AMD Instinct MI300X GPU with SGLang#
Set relevant environment variables and launch the AMD SGLang container.
docker pull rocm/sgl-dev:upstream_20250312_v1
export MODEL_DIR=<DeepSeek-R1 saved_path>
docker run -it \
--ipc=host \
--network=host \
--privileged \
--shm-size 32G \
--cap-add=CAP_SYS_ADMIN \
--device=/dev/kfd \
--device=/dev/dri \
--group-add video \
--group-add render \
--cap-add=SYS_PTRACE \
--security-opt seccomp=unconfined \
--security-opt apparmor=unconfined \
-v $MODEL_DIR:/model \
rocm/sgl-dev:upstream_20250312_v1
Start the SGLang server.
python3 -m sglang.launch_server \
--model \
--tp 8 \
--trust-remote-code \
--chunked-prefill-size 131072 \
--enable-torch-compile \
--torch-compile-max-bs 256 &
Run the SGLang benchmark serving script for the user defined concurrency values and desired parameters.

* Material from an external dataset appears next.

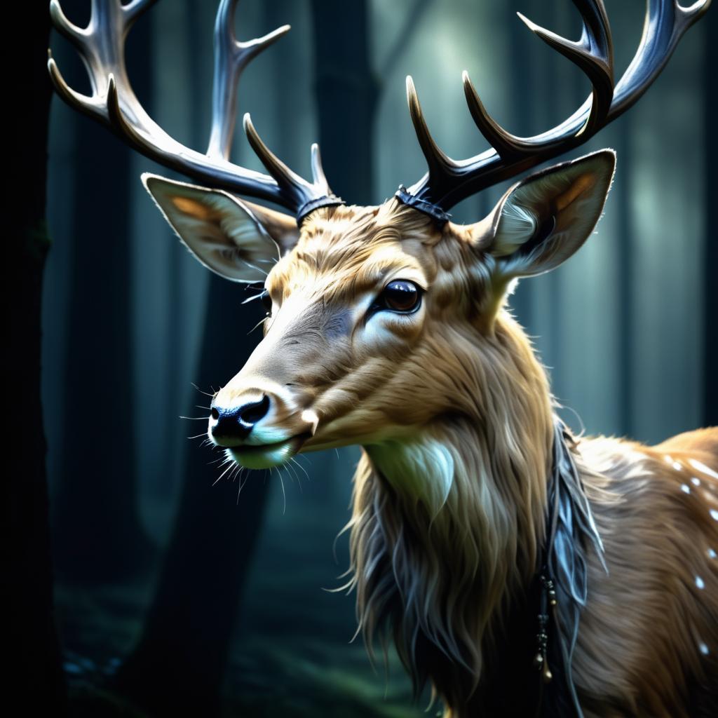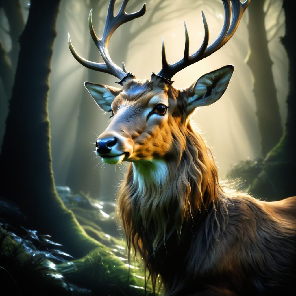 Portrait of a gentle deer as a healer, dramatic lighting, cinematic, ultra-realistic, styled by Brian Froud, Arthur Rackham.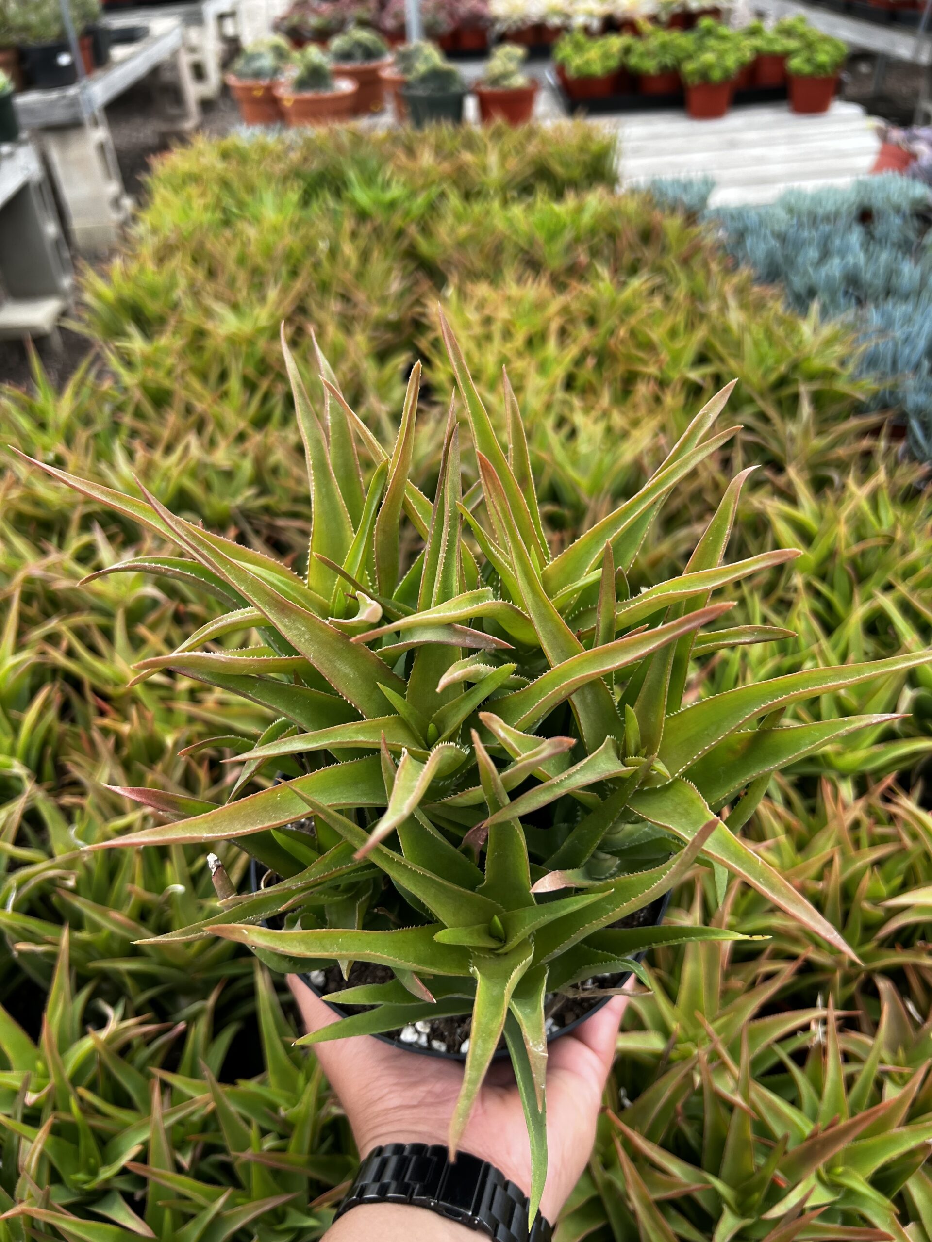A visually striking hybrid, the 6″ Aloe Green boasts vibrant green leaves with white speckles and a compact growth habit. Perfect for interiorscapes and retail displays, this aloe thrives in moderate light conditions and requires minimal watering. Ideal for beginners and adds a pop of color to any space.

# Run after “The server is fired up and ready to roll!”
concurrency_values=(128 64 32 16 8 4 2 1)
for concurrency in "${concurrency_values[@]}"; do
python3 -m sglang.bench_serving \
--dataset-name random \
--random-range-ratio 1 \
--num-prompt 500 \
--random-input 3200 \
--random-output 800 \
--max-concurrency "${concurrency}"
done
Note: Using the torch compile flags will result in longer server launch time
NVIDIA H200 GPU with SGLang#
Set relevant environment variables and launch the NVIDIA SGLang container.
docker pull lmsysorg/sglang:v0.4.4.post1-cu125
export MODEL_DIR=<DeepSeek-R1 saved_path>
docker run -it \
--ipc=host \
--network=host \
--privileged \
--shm-size 32G \
--gpus all \
-v $MODEL_DIR:/model \
lmsysorg/sglang:v0.4.4.post1-cu125
Start the SGLang server.
export SGL_ENABLE_JIT_DEEPGEMM=1
python3 -m sglang.launch_server \
--model \
--trust-remote-code \
--tp 8 \
--mem-fraction-static 0.9 \
--enable-torch-compile \
--torch-compile-max-bs 256 \
--chunked-prefill-size 131072 \
--enable-flashinfer-mla &
Run the SGLang benchmark serving script for the user defined concurrency values and desired parameters.
# Run after “The server is fired up and ready to roll!”
concurrency_values=(128 64 32 16 8 4 2 1)
for concurrency in "${concurrency_values[@]}"; do
python3 -m sglang.bench_serving \
--dataset-name random \
--random-range-ratio 1 \
--num-prompt 500 \
--random-input 3200 \
--random-output 800 \
--max-concurrency "${concurrency}"
done
Summary#
This blog showed you how to achieves breakthrough inference performance using DeepSeek-R1 on AMD Instinct™ MI300X GPUs by leveraging the SGLang framework, AMD’s AI Tensor Engine for ROCm (AITER), and targeted hyperparameter tuning. We demonstrated how MI300X outperforms Nvidia’s H200 with up to 5× higher throughput and significantly lower latency, especially under high concurrency workloads. We showed how core kernel optimizations—including GEMM, MoE, MLA decode, and MHA prefill—delivered major performance boosts, while tuning parameters like chunked_prefill_size enhanced throughput scaling. We also provided step-by-step benchmarking instructions to help you replicate our findings, showcasing MI300X’s strength for serving large-scale machine learning models efficiently
More optimizations are coming soon in future AMD ROCm software releases. We expect further performance boost, including but not limited to:
Expert Parallelism (EP)
Prefill and decode disaggregation
Speculative decoding
Try Today#
Download the prebuilt SGLang docker container from Docker hub and follow the instructions here to get started on the MI300X GPUs: sgl-project/SGLang.
Additional Resources#
SGLang Docker files for production deployment: Dockerfile
GitHub For AITER: ROCm/aiter.
Disclaimers#
Third-party content is licensed to you directly by the third party that owns the content and is not licensed to you by AMD. ALL LINKED THIRD-PARTY CONTENT IS PROVIDED “AS IS” WITHOUT A WARRANTY OF ANY KIND. USE OF SUCH THIRD-PARTY CONTENT IS DONE AT YOUR SOLE DISCRETION AND UNDER NO CIRCUMSTANCES WILL AMD BE LIABLE TO YOU FOR ANY THIRD-PARTY CONTENT. YOU ASSUME ALL RISK AND ARE SOLELY RESPONSIBLE FOR ANY DAMAGES THAT MAY ARISE FROM YOUR USE OF THIRD-PARTY CONTENT.